Now back to the moving frame. There, one observes all nearby galaxies in the direction of motion as blueshifted and all nearby galaxies behind as redshifted. Therefore, Hubble's Law would be a function of direction and would be pretty complicated unless one made all the appropriate relativistic corrections. If the observers did not know relativity, and just go ahead and simply correct Hubble's Law according to measured velocities and velocity independent distance measures, they would conclude that the universe is shaped like an oblate ellipsoid (too short in 1 direction and correct in the other 2 directions, from our point of view). But, in fact, to them it actually is that shape and they actually can travel more quickly between stars and galaxies in that 1 direction than we can (at least in their forward direction). Of course, if they land anywhere in a typical galaxy then they will be switching to the comoving frame and see a full sized spherical universe.

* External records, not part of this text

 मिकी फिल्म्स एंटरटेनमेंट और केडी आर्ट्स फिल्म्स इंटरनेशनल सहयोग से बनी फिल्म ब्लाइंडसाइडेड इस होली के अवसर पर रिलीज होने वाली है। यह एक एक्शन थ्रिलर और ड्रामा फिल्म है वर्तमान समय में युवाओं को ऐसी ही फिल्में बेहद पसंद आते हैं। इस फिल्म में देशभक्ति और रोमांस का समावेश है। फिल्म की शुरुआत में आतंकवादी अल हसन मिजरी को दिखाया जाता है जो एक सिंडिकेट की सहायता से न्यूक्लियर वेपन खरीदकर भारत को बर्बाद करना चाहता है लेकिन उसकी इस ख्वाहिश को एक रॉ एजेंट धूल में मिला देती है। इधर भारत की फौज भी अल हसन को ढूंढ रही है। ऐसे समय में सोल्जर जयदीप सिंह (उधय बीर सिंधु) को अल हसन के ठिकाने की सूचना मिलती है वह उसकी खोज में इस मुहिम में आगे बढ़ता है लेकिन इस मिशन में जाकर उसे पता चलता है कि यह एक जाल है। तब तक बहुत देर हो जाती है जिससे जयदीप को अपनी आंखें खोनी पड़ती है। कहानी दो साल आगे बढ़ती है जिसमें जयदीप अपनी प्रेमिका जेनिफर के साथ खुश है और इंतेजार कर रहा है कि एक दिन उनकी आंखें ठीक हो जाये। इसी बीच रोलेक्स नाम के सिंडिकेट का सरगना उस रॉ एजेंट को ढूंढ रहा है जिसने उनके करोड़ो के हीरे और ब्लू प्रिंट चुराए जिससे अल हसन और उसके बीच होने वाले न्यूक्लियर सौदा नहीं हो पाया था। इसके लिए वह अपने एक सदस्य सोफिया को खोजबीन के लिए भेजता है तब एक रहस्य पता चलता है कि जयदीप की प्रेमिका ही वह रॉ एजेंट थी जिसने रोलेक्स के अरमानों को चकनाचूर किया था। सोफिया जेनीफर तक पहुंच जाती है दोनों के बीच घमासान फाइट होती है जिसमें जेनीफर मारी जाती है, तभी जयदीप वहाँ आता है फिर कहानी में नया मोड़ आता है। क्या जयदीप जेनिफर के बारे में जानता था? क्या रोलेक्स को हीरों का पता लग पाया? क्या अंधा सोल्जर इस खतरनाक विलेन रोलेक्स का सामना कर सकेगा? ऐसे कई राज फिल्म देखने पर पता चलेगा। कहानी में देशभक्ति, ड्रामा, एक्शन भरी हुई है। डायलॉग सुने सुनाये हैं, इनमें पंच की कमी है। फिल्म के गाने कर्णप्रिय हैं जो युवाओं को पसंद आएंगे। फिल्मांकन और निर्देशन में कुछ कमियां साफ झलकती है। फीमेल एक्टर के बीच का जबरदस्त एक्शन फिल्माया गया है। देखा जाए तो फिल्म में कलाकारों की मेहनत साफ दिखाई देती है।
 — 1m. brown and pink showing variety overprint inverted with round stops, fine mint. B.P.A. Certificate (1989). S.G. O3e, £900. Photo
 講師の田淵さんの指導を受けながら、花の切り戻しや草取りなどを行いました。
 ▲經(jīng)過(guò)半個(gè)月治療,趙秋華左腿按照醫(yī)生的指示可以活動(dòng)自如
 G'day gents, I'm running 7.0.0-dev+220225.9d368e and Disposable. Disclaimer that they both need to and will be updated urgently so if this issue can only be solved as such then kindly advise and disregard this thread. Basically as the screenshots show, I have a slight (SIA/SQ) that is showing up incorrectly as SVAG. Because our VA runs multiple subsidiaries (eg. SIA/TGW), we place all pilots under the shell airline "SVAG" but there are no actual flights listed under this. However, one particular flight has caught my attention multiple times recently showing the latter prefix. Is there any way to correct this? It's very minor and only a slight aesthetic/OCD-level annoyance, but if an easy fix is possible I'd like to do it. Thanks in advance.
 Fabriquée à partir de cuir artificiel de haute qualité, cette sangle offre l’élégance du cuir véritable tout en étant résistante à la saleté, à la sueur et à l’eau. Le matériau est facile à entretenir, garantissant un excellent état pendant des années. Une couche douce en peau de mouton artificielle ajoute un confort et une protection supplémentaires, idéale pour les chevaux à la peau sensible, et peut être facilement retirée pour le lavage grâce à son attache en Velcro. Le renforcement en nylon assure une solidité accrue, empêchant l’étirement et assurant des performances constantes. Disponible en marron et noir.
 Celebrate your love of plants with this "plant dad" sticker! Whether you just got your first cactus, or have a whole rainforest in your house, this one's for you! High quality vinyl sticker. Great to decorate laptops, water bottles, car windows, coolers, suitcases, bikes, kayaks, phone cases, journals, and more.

They will also observe a Microwave Background that is quite a bit warmer in one direction and colder in the opposite direction and 2.7K in the circle between these. If they know relativity they will understand why this is and why the density of galaxies is higher in one dimension and why Hubble's Law is so complicated. But yes, their universe will be, in a real sense, smaller (in one dimension) than ours.

Galaxies do all have some motion in the comoving frame and this is called peculiar velocity. The Milky Way is being pulled toward Andromeda galaxy at roughly 50 km/s and the whole Local Group is pulled toward the Virgo Cluster (the center of the Local Supercluster) at 100 - 200 km/s. Galaxies in the Virgo Cluster have velocity dispersion of 700 km/s, so some move at about twice that. And a large region around is moving at ~ 500 km/s due to superclusters at large distances. But, since these peculiar velocities tend to add up to less than 2,000 km/s, no alien race is going to be at relativistic speeds unless they are in a spaceship of their own devise.

One more issue. On the time scale of a billion years or several, this moving frame will move to a location in space that is moving at a similar velocity and so they will merge with the non-moving (but expanding) frame. So, slowly their oblate universe is transforming to a spherical one, unless they have a means to continuously accelerate.